188 The Great Controversy
The priests, bent upon keeping the popular fury at its height, circulated
the most terrible accusations against the Protestants. They
were charged with plotting to massacre the Catholics, to overthrow
the government, and to murder the king. Not a shadow of evidence
could be produced in support of the allegations. Yet these prophecies
of evil were to have a fulfillment; under far different circumstances,
however, and from causes of an opposite character. The cruelties that
were inflicted upon the innocent Protestants by the Catholics accumulated
in a weight of retribution, and in after centuries wrought the
very doom they had predicted to be impending, upon the king, his
[227] government, and his subjects; but it was brought about by infidels
and by the papists themselves. It was not the establishment, but the
suppression, of Protestantism, that, three hundred years later, was to
bring upon France these dire calamities.
Suspicion, distrust, and terror now pervaded all classes of society.
Amid the general alarm it was seen how deep a hold the Lutheran
teaching had gained upon the minds of men who stood highest for
education, influence, and excellence of character. Positions of trust
and honor were suddenly found vacant. Artisans, printers, scholars,
professors in the universities, authors, and even courtiers, disappeared.
Hundreds fled from Paris, self-constituted exiles from their native
land, in many cases thus giving the first intimation that they favored
the reformed faith. The papists looked about them in amazement at
thought of the unsuspected heretics that had been tolerated among
them. Their rage spent itself upon the multitudes of humbler victims
who were within their power. The prisons were crowded, and the very
air seemed darkened with the smoke of burning piles, kindled for the
confessors of the gospel.
Francis I had gloried in being a leader in the great movement for the
revival of learning which marked the opening of the sixteenth century.
He had delighted to gather at his court men of letters from every
country.

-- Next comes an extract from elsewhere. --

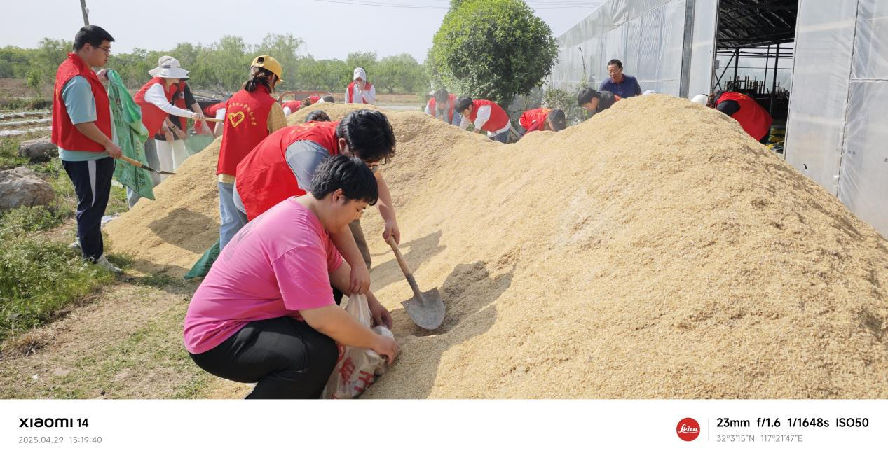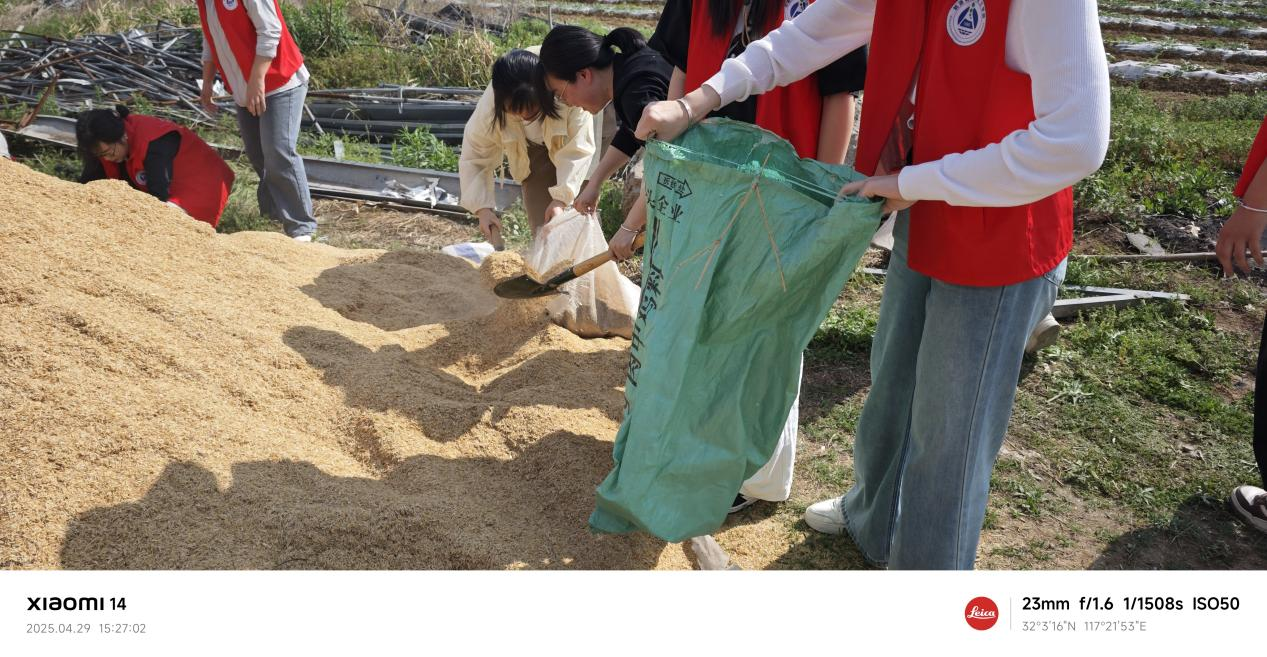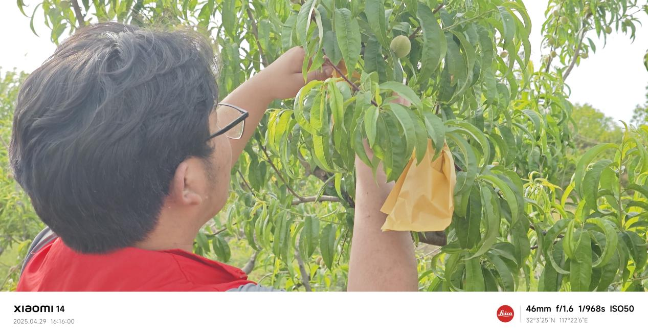 下午兩點半,實踐活動正式開始。志愿者們分成兩個小組,在技術人員指導下先后完成了兩項農事作業。第一項是裝運稻殼,同學們分工協作,有的負責裝袋,有的負責運輸,在汗水中體會團隊合作的重要性。第二項是桃子套袋,這項技術要求細致耐心,同學們認真學習技術要領,小心翼翼地完成每一顆桃子的保護工作。

To his love of learning and his contempt for the ignorance
and superstition of the monks was due, in part at least, the degree of
toleration that had been granted to the reform. But, inspired with zeal
to stamp out heresy, this patron of learning issued an edict declaring
printing abolished all over France! Francis I presents one among the
many examples on record showing that intellectual culture is not a
safeguard against religious intolerance and persecution.
French Reformation 189
France by a solemn and public ceremony was to commit herself
fully to the destruction of Protestantism. The priests demanded that
the affront offered to High Heaven in the condemnation of the mass be
expiated in blood, and that the king, in behalf of his people, publicly
give his sanction to the dreadful work. [228]
The 21st of January, 1535, was fixed upon for the awful ceremonial.
The superstitious fears and bigoted hatred of the whole nation had
been roused. Paris was thronged with the multitudes that from all the
surrounding country crowded her streets. The day was to be ushered
in by a vast and imposing procession. “The houses along the line of
march were hung with mourning drapery, and altars rose at intervals.”
Before every door was a lighted torch in honor of the “holy sacrament.”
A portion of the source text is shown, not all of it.